#### What the exercise asks:
An exact copy of each line below is needed, with no images in it.

(Supplied data Opens)

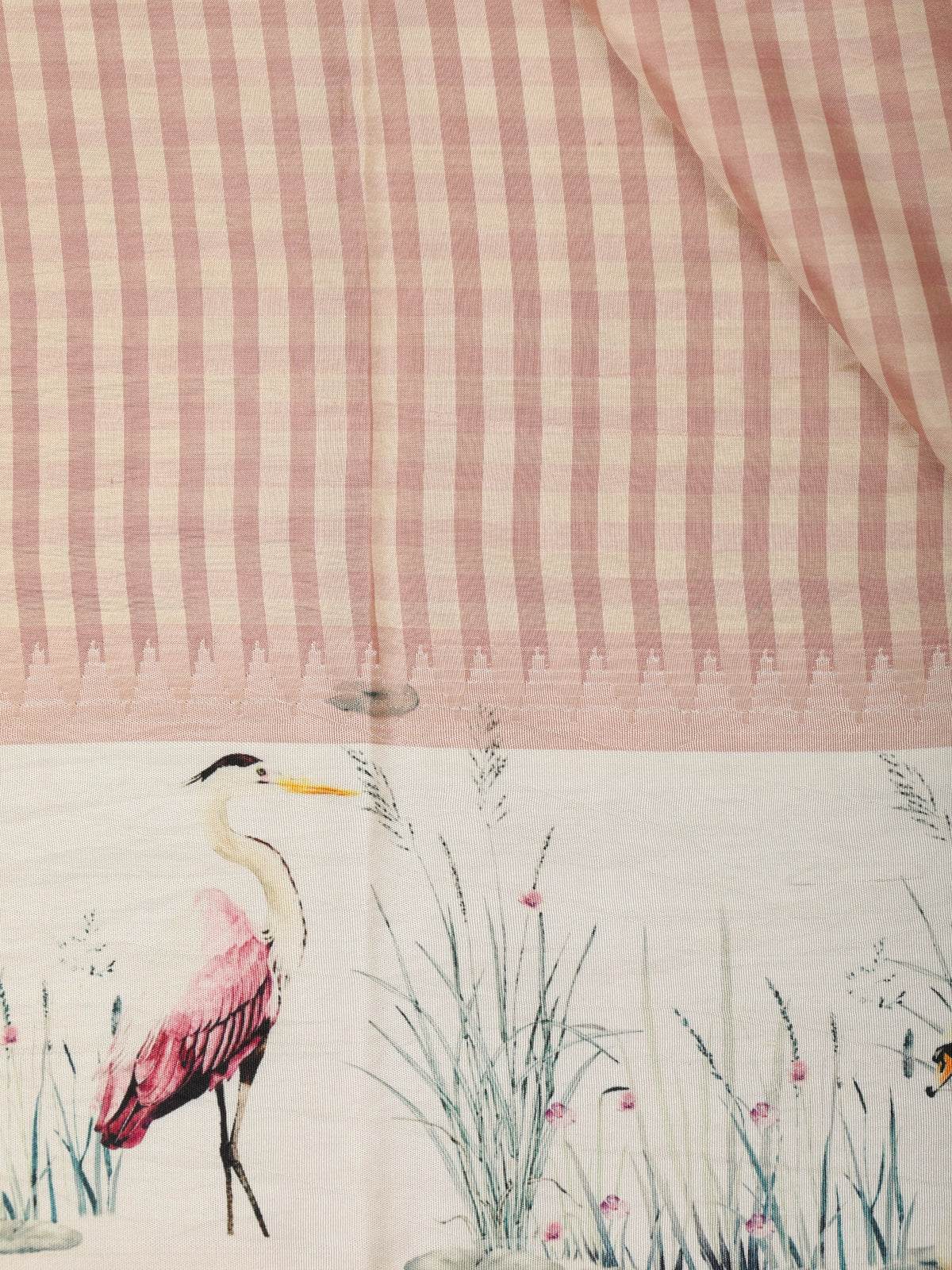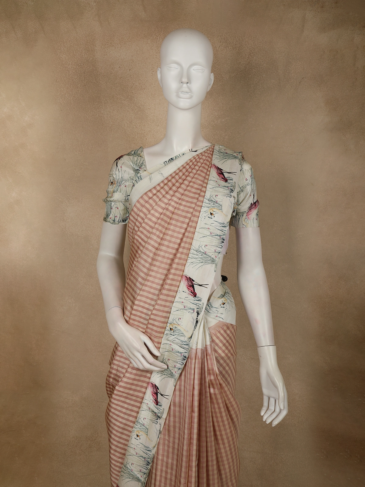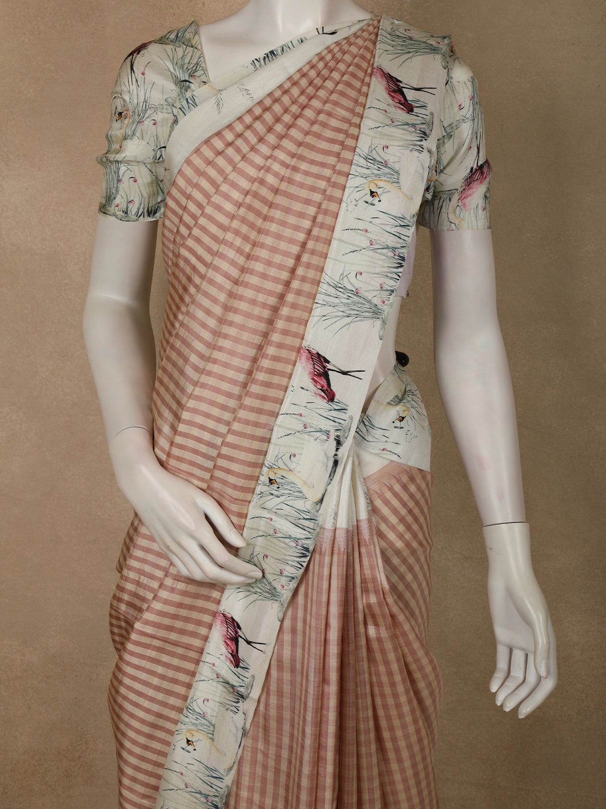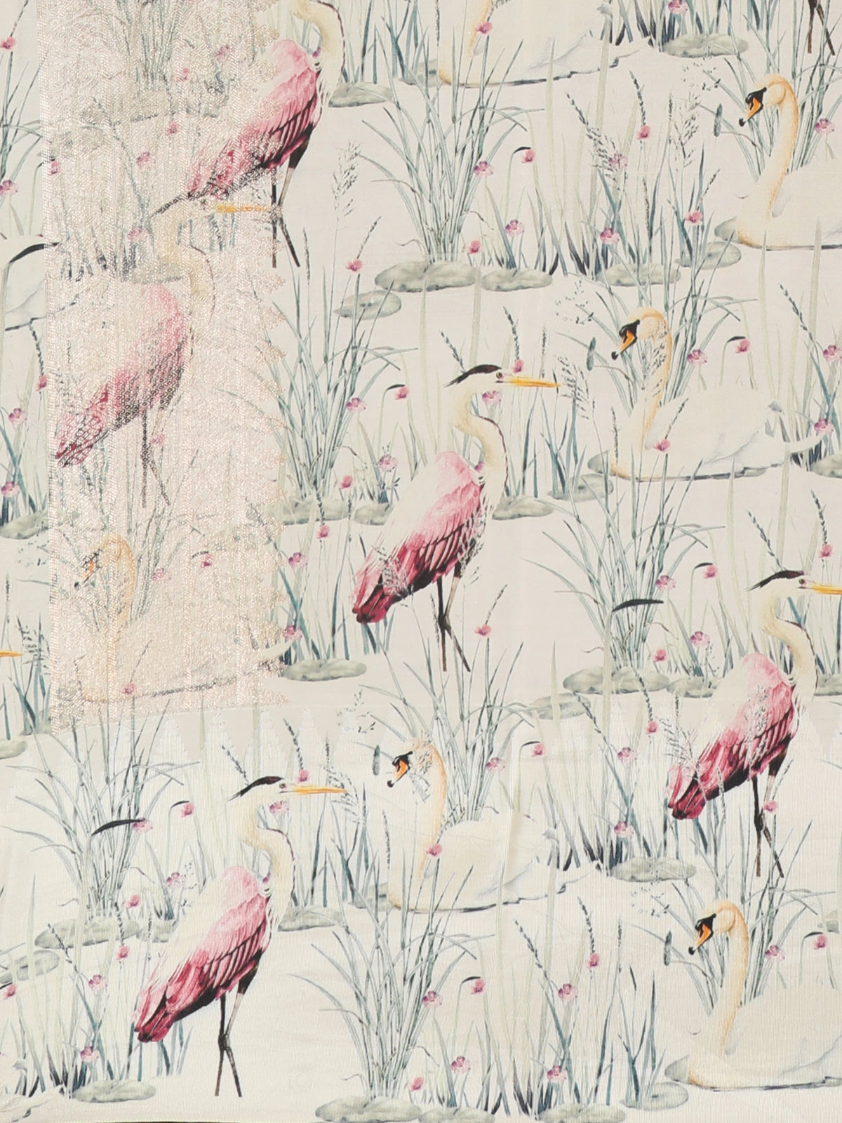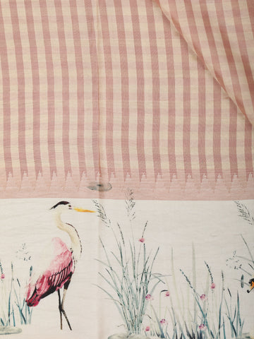 Adding a striking contrast, the saree is framed with a cream-toned printed border adorned with artistic floral and bird-inspired motifs in muted pastel shades. This thoughtfully designed border elevates the overall look, blending modern aesthetics with a touch of nature-inspired elegance. The pallu continues the printed theme, ensuring a harmonious and polished finish.
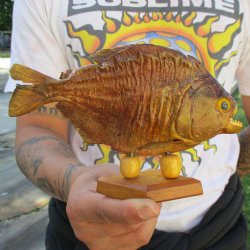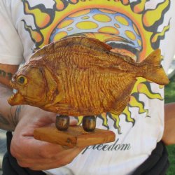Hand picked Real taxidermy piranha fish mounted on a wooden base allowing you to buy the one pictured. They have been imported from South America (Serralmus pygoentrus). Our taxidermy dried piranha fish come with a wooden base and are ready for display. Piranha fish have tightly packed teeth that interlock with each other. They use them to sheer and to puncture their prey. They can measure anywhere between 5 and 10 inches long, measured straight from teeth to tail. There are various piranha species so the size and coloration of them can vary significantly. They tend to blend in well with their surroundings.
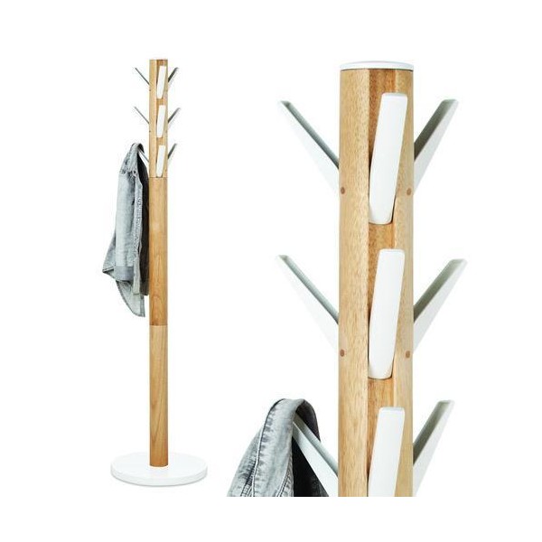 Perchero de metal. Altura 177 cm. Diámetro 28 cm. Tubo redondo de 25mm con acabado en negroTubo madera de caucho de 25+13mm en color natural

(Supplied data Closes)

#### Task solution:
 Adding a striking contrast, the saree is framed with a cream-toned printed border adorned with artistic floral and bird-inspired motifs in muted pastel shades. This thoughtfully designed border elevates the overall look, blending modern aesthetics with a touch of nature-inspired elegance. The pallu continues the printed theme, ensuring a harmonious and polished finish.
Hand picked Real taxidermy piranha fish mounted on a wooden base allowing you to buy the one pictured. They have been imported from South America (Serralmus pygoentrus). Our taxidermy dried piranha fish come with a wooden base and are ready for display. Piranha fish have tightly packed teeth that interlock with each other. They use them to sheer and to puncture their prey. They can measure anywhere between 5 and 10 inches long, measured straight from teeth to tail. There are various piranha species so the size and coloration of them can vary significantly. They tend to blend in well with their surroundings.
 Perchero de metal. Altura 177 cm. Diámetro 28 cm. Tubo redondo de 25mm con acabado en negroTubo madera de caucho de 25+13mm en color natural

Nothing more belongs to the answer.